标签: r dataframe ggplot2

一些人可能是一个简单的问题。

我有2个数据帧:

dput(head(Activitieslessthan35))

structure(list(`Main job: Working time in main job` = c(470, 
440, 430, 430, 410, 150), Sleep = c(420, 450, 450, 420, 450, 
460), `Unspecified TV video or DVD watching` = c(60, 40, 210, 
190, 60, 0), Eating = c(80, 60, 40, 70, 60, 130), `Other personal care:Wash and dress` = c(60, 
60, 50, 50, 70, 50), `Travel to work from home and back only` = c(60, 
60, 50, 90, 90, 30), `Unspecified radio listening` = c(140, 180, 
50, 90, 140, 160), `Other specified social life` = c(350, 270, 
310, 330, 710, 440), `Socialising with family` = c(350, 270, 
360, 330, 730, 540), `Food preparation and baking` = c(410, 310, 
420, 380, 1000, 950)), row.names = c(NA, 6L), class = "data.frame")

   dput(head(ActivitiesMoreOrEqual35))

structure(list(`Main job: Working time in main job` = c(360, 
420, 390, 490, 540, 390), Sleep = c(590, 480, 310, 560, 280, 
370), `Unspecified TV video or DVD watching` = c(100, 60, 130, 
120, 60, 30), Eating = c(70, 100, 70, 40, 190, 80), `Other personal care:Wash and dress` = c(10, 
30, 100, 60, 270, 90), `Travel to work from home and back only` = c(0, 
50, 260, 50, 0, 0), `Unspecified radio listening` = c(50, 80, 
260, 80, 210, 200), `Other specified social life` = c(190, 320, 
790, 250, 580, 420), `Travel in the course of work` = c(50, 80, 
260, 70, 120, 200), `Food preparation and baking` = c(440, 570, 
820, 570, 820, 590)), row.names = c(NA, 6L), class = "data.frame")

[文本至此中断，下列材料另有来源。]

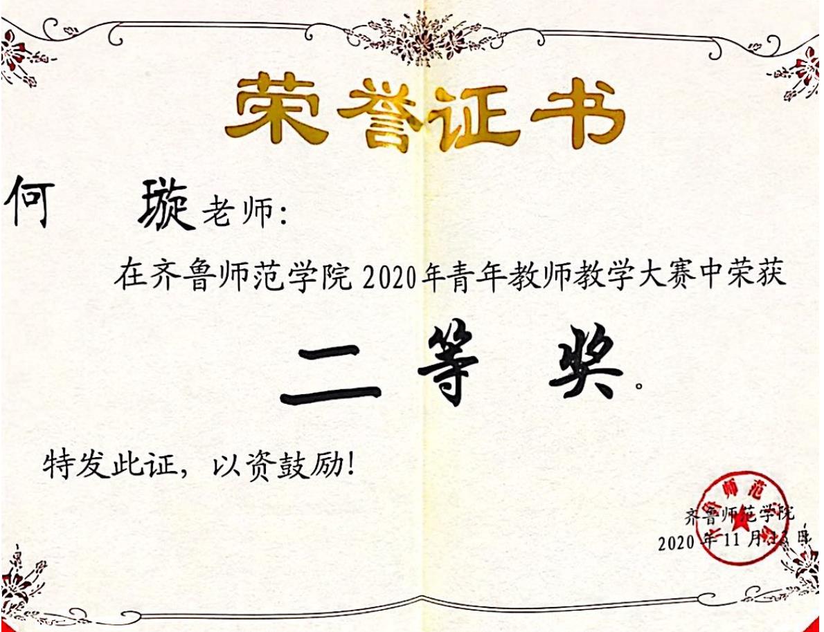青年教师的成长是学校发展的未来和希望,青年教师是教师队伍中的一支重要力量,也是实现教师队伍可持续发展的关键环节。为加强我校青年教师队伍建设,引导青年教师进一步强化立德树人根本理念,锤炼教学基本功,提升青年教师教学能力和水平,促进青年教师创新教学方法,贯彻能力范式教学改革,全面提升我校人才培养质量,齐鲁师范学院2020年青年教师教学大赛于11月13日在章丘校区举行,我院商务英语教研室教师何璇代表学院参赛,荣获二等奖。

我想将data.frames转换为因数-例如,将一个名为Activitieslessthan35的因数变量与数据帧的列一起用作诸如“主要工作:主要工作的工作时间”之类的级别。 ','睡眠'等。稍后,我还要在并排的条形图中绘制(总和)因子的水平。

我不知道您是否愿意将data.frame转换为因子变量,以及如何更改data.frame的格式以创建图

欢迎任何建议

1 个答案:

答案 0 :(得分:1)

如果我很好理解,您希望将两个数据框都以两列的长格式保存,一个列包含数据框的所有别名,第二列包含所有值,然后总结第一列的每个“因子”列,将两个数据框合并并将两个数据框绘制到一个图中。我说的对吗?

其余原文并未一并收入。